- Founder: Keshar Jung Rayamajhi
- Founded: 1962 as CPN (Rayamajhi)
- Dissolved: 28 June 2001
- Split from: Communist Party of Nepal CPN (United) in 1992
- Merged into: CPN (United) in 1991 CPN (Unified ML)
- Ideology: Communism Marxism–Leninism
- Political position: Far-left

= Communist Party of Nepal (Burma) =

Communist Party of Nepal (Burma) (नेपाल कम्युनिष्ट पार्टी (वर्मा)), initially known simply as Communist Party of Nepal or Communist Party of Nepal (Rayamajhi Group), was a communist party in Nepal. The party emerged from a split in the original Communist Party of Nepal in 1962, representing the pro-Soviet sector of the party. Its main leader until 1983 was Keshar Jung Rayamajhi, who had been the general secretary of the original CPN.

== History ==
In 1966 the group organised a 'Third Central Conference', with delegates from 17 districts. The conference amended the old CPN party constitution, adopting 'National Democracy' as the line of the party. The conference stated that the royal takeover in the country had been a backlash for the democratic forces, and called for a united front to be formed with Nepali Congress. Moreover, the conference made a call for the holding of a party congress.

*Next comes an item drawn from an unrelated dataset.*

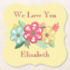 A lovely floral paper coaster on a light yellow background, this flower display is blue, pink and yellow. At the top is "I love you" with a personalised name at the bottom all in lovely burgundy font. The easy to use templates makes it possible to customise the text to say anything you wish. Place your order for these floral coasters today!

In 1967 the group held its 'third congress' in Kathmandu (considering the two first CPN congresses as theirs). The congress elected a 21-member Central Committee and a five-member politburo. The politburo consisted of Keshar Jung Rayamajhi (general secretary), Bishnu Bahadur Manandhar, Krishna Raj Burma, Kamar Shah and Krishna Prasad Shrestha. Manmohan Adhikari and Shambhu Ram Shrestha, both in jail at the time, were nominated to the Central Committee. The congress stated that the Soviet Union was the international centre of socialism, and condemned the positions of China. The congress called for a peaceful political struggle in Nepal, and condemned the idea of armed struggle as 'adventurism'. The congress branded the rival CPN of Tulsi Lal Amatya and Pushpa Lal Shrestha as 'extremist'.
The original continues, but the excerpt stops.